Celle-ci s'ouvrit sans résistance et au moment où il pénétrait dans le lieu, un sort manqua de peu son visage. Tandis qu'il se mettait à couvert, le Serpentard repéra, sa prochaine cible. Surprise de sa rapidité, la marâtre ne resta guère longtemps inactive et une pluie de sorts s'abattit sur le canapé derrière lequel Ulrich s'était dissimulé.

- " En voilà un comportement pour le moins impoli, Catherine !", lui lança-t-il, " Pas sûr que Maximilien apprécie..."

La mention à son époux fit froncer les sourcils de la veuve, bref instant qui fut cependant assez pour qu'Ulrich la désarme. Lançant un sort vers la porte pour la refermer et la verrouiller, le jeune homme se releva rapidement époussetant sa robe de sorcier. Kathrina allait définitivement l'étriper pour l'avoir si rapidement abimée.

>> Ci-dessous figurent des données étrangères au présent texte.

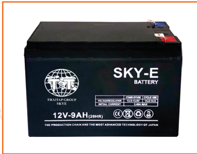
Ắc quy cửa cuốn, bình thuốc sâu 12v-9Ah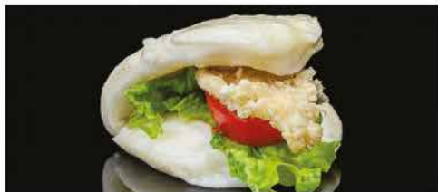
29. BAO CON POLLO € 4,00 pane ripieno con insalata, pomodoro, pollo fritto e salsa rosa

- " Enfin si tant est que Maximilien puisse encore apprécier quoique ce soit de là où je l'ai envoyé...", soupira-t-il avant de plonger son regard sombre dans celui de la femme qui lui faisait face pour continuer avec mépris, " En enfer s'entend parce que je l'ai tué, oui. Cécilya est donc tout fraichement devenue l'héritière et elle ne te porte pas dans son coeur... Coeur qui s'arrêtera de battre sous peu d'ailleurs, ne t'inquiète. Mais avant... "

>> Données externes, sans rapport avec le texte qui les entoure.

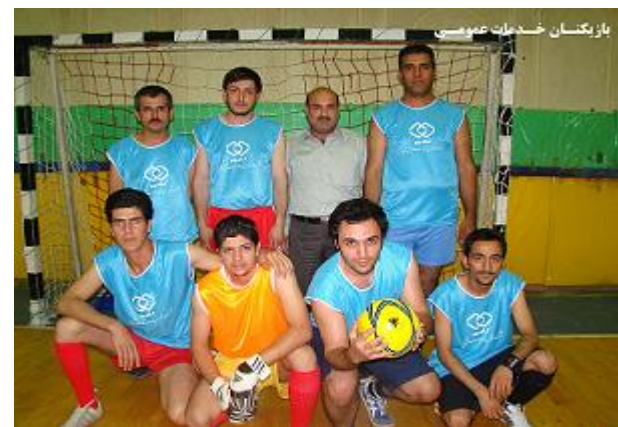
بازیکنان خدمات عمومی

La lueur d'espoir qu'il voyait briller dans les yeux de sa nouvelle proie l'amusait énormément. S'approchant d'elle, il laissa brièvement trainer ses lèvres à quelques centimètres de celles de Catherine Dickins.

- " Comme je disais, avant, j'ai encore à m'occuper de toi, Catherine.", lui expliqua-t-il en brisant les espoirs de cette dernière de s'en sortir vivante et entière tout en pointant la baguette d'Evangéline sous le menton de celle qui avait remplacée la propriétaire de la dite baguette, " C'est ironique tout de même... Tu ne connais pas cet objet n'est-ce pas ? Et bien, il s'agit de celle de celle que tu as détrônée. Risible, tu ne trouves pas ? "

Reculant de quelques pas, il la jaugea froidement comme on évaluait un morceau de choix.

- " Que comptes-tu faire exactement ? Et pourq... ", questionna Catherine, hautaine.

Pointant la baguette immaculée face aux lèvres de la femme, celle-ci s'était tue.

- " Pourquoi, pourquoi et encore pourquoi ! Vous n'avez décidément que ce mot à la bouche. Disons que j'ai des raisons de vous haïr, vous, chères familles mangemortes, notamment pour les assassinats de mon père et de ma soeur. Et j'avoue que jusqu'ici je me débrouille plutôt magistralement pour m'infiltrer parmi vous et vous avoir les uns après les autres. Mais soit ... Que vais-je bien pouvoir faire de toi ?"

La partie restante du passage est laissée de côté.